Sometimes the proof is in the pudding. 

So does she see herself as selfish to pursue her career? Danusia states that Motherhood is built on sacrifice and compromise and being selfless. It’s often questionable where the line and interpretation of ‘selfless’ and ‘selfish’ falls. Which camp do working mums fall into? Ask the inner critic and we’d probably all say ‘selfish’. We’re raised to be ‘other people’ focused and people pleasers. If there’s any time left after that, then we can look after ourselves.

But how do you keep being yourself? Is that selfish? Danusia stresses the importance of not listening to the noise that says be less of yourself and actually put the effort into being more of yourself. We actually need to be ‘full of ourselves’ so that we can concentrate on and be clear about what we want. Mothers need to be self-focused – ask yourself what am I teaching my children by not looking after myself? What we need to be saying is ‘yes, it’s good for our children that we look after ourselves as mothers’. But, if it’s something we’re doing for ourselves, then tell them it’s for ourselves rather than for them. We’re not taking ‘me time’ to be a better mother, we’re taking it for ourselves and there is nothing selfish about that. 

 

“Self care is a tonic so we can be ourselves,not so that we can be better for our kids”.

 

So how do you ‘own’ the boardroom? Danusia explains that she accepts being terrified is part of the process in amplifying what you’re aiming for. Take the fear, push it wider. Then push it wider again. Have the audacity to step into more and ask for more. Ask yourself what’s bigger than what you’ve already coped with? Be brave enough to vocalise your fear, admit your failures and acknowledge your mistakes.

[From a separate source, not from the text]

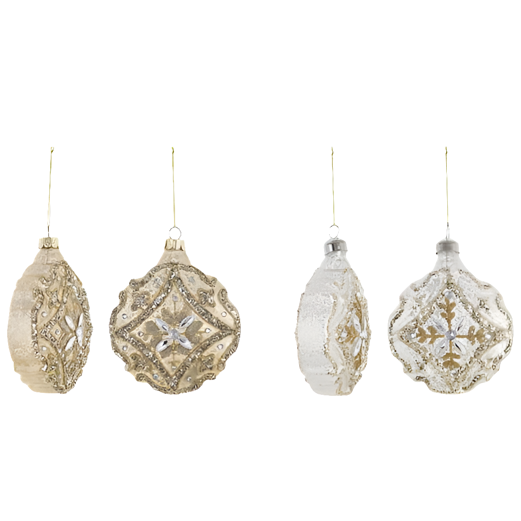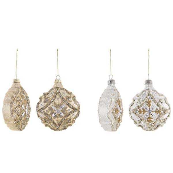 DECORAZIONE NATALIZIA PER ALBERO DI NATALE, IN VETRO CON DECORI IN RILIEVO, STILE ANTICATO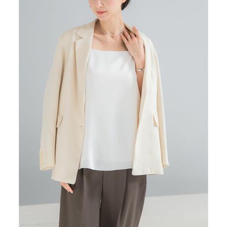 表面に繊細な凹凸を施した、ニュアンス豊かなサテン素材を使用し、ほんのりと光を纏うような質感は、お顔周りを明るく知的な印象に。シワになりにくく、上質な風合いを長く保てるのも嬉しいポイント。胸元の直線的なラインと、華奢な肩ひもが女性らしさを引き立て、サイドに施したスリットが着こなしにさりげない抜け感を演出。大人の日常に、そっと品格を添えてくれる一着に仕上げました。シャツやジャケットのインナーに忍ばせて、艶感を覗かせるのがおすすめ。いつものスタイルに重ねるだけで、ぐっと鮮度の高い着こなしが完成します。同素材のシャツやスカートを合わせた、統一感のあるセットアップスタイルもぜひお楽しみください。

Disastrous things can absolutely happen but they don’t define you, they build you. Danusia stresses the importance of communication. The more we talk about not having a smooth linear path, the better. Why? Because it’s reality and we do each other a huge disservice by pretending everything is plain sailing. From failure, confidence is built and we need that confidence to challenge the fear!